Rather than rolling our own iterator,
we can call upon the existing API in a framework to read data.
We pass in `features` and `labels` as arguments and specify `batch_size`
when instantiating a data iterator object.
Besides, the boolean value `is_train`
indicates whether or not
we want the data iterator object to shuffle the data
on each epoch (pass through the dataset).


In [25]:
def load_array(data_arrays, batch_size, is_train=True):
    """Construct a PyTorch data iterator."""
    dataset = data.TensorDataset(*data_arrays)
    return data.DataLoader(dataset, batch_size, shuffle=is_train)

In [26]:
batch_size = 10
data_iter = load_array((features, labels), batch_size)

In [27]:
print(type(data_iter))
print(type(iter(data_iter)))
print(next(iter(data_iter)))

<class 'torch.utils.data.dataloader.DataLoader'>
<class 'torch.utils.data.dataloader._SingleProcessDataLoaderIter'>
[tensor([[-0.0039, -1.5041],
        [ 1.3929,  0.2728],
        [ 0.1892, -0.0184],
        [-1.0933,  0.5864],
        [ 1.2372,  0.6163],
        [-1.0500,  0.3037],
        [-0.2264, -0.8773],
        [-0.0738, -0.1811],
        [-1.8291, -0.3908],
        [-0.7532, -0.5771]]), tensor([[9.2941],
        [6.0587],
        [4.6453],
        [0.0245],
        [4.5793],
        [1.0715],
        [6.7165],
        [4.6761],
        [1.8675],
        [4.6562]])]


In [29]:
test_list = [5,3,7,0]
iter(test_list)

iter(9)

TypeError: 'int' object is not iterable

Now we can use `data_iter` in much the same way as we called
the `data_iter` function in :numref:`sec_linear_scratch`.
To verify that it is working, we can read and print
the first minibatch of examples.
Comparing with :numref:`sec_linear_scratch`,
here we use `iter` to construct a Python iterator and use `next` to obtain the first item from the iterator.


## Defining the Model

For standard operations, we can use a framework's predefined layers,
which allow us to focus especially
on the layers used to construct the model
rather than having to focus on the implementation.

### nn.Sequential
We will first define a model variable `net`,
which will refer to an instance of the [`Sequential` class](https://pytorch.org/docs/stable/generated/torch.nn.Sequential.html).

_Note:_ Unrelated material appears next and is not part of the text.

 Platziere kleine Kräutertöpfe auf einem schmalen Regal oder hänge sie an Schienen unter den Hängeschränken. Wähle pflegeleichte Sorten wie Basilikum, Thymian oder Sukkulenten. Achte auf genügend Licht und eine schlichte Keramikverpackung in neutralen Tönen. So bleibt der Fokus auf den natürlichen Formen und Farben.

**The `Sequential` class defines an ordered container
of modules.** The data is passed through all the modules in the same order as defined. You can use sequential containers to put together a quick network with several layers that will be chained together

Given input data, a `Sequential` instance passes it through
the first layer, in turn passing the output
as the second layer's input and so forth.
In the following example, our model consists of only one layer,
so we do not really need `Sequential`.
But since nearly all of our future models
will involve multiple layers,
we will use it anyway just to familiarize you
with the most standard workflow.


### nn.Linear
In PyTorch, the fully-connected layer is defined in the [`Linear` class](https://pytorch.org/docs/stable/generated/torch.nn.Linear.html). This module applies a linear transformation on the input using its stored weights and biases.

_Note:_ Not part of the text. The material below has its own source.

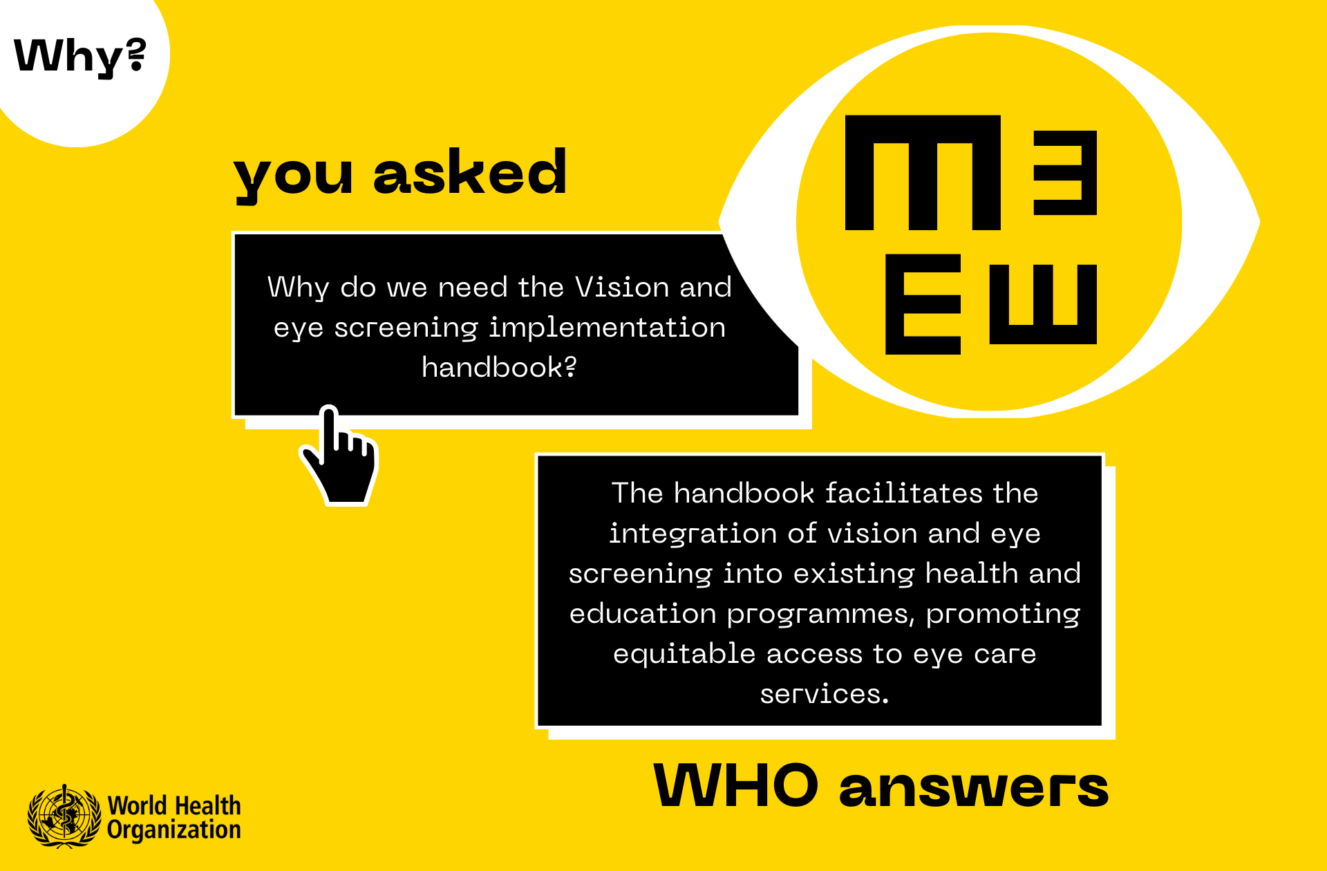 Why do we need the Vision and eye screening implementation handbook? 31 January 2023 | graphics (social media tile) WHO Team Noncommunicable Diseases, Rehabilitation and Disability (NCD), Sensory Functions, Disability and Rehabilitation (SDR)

We pass two arguments into `nn.Linear`. The first one specifies the input feature dimension, which is 2, and the second one is the output feature dimension, which is a single scalar and therefore 1.


In [32]:
# `nn` is an abbreviation for neural networks
from torch import nn

# linear regression with 2 features
#Define and initialise model
net = nn.Sequential(nn.Linear(in_features=2, out_features=1))

# nn.ReLU()

print(type(net))
print(net)

<class 'torch.nn.modules.container.Sequential'>
Sequential(
  (0): Linear(in_features=2, out_features=1, bias=True)
)


## Initializing Model Parameters

Before using `net`, we need to initialize the model parameters.

Here we specify that

-  each weight parameter should be randomly sampled from a normal distribution with mean 0 and standard deviation 0.01.
-  The bias parameter will be initialized to zero.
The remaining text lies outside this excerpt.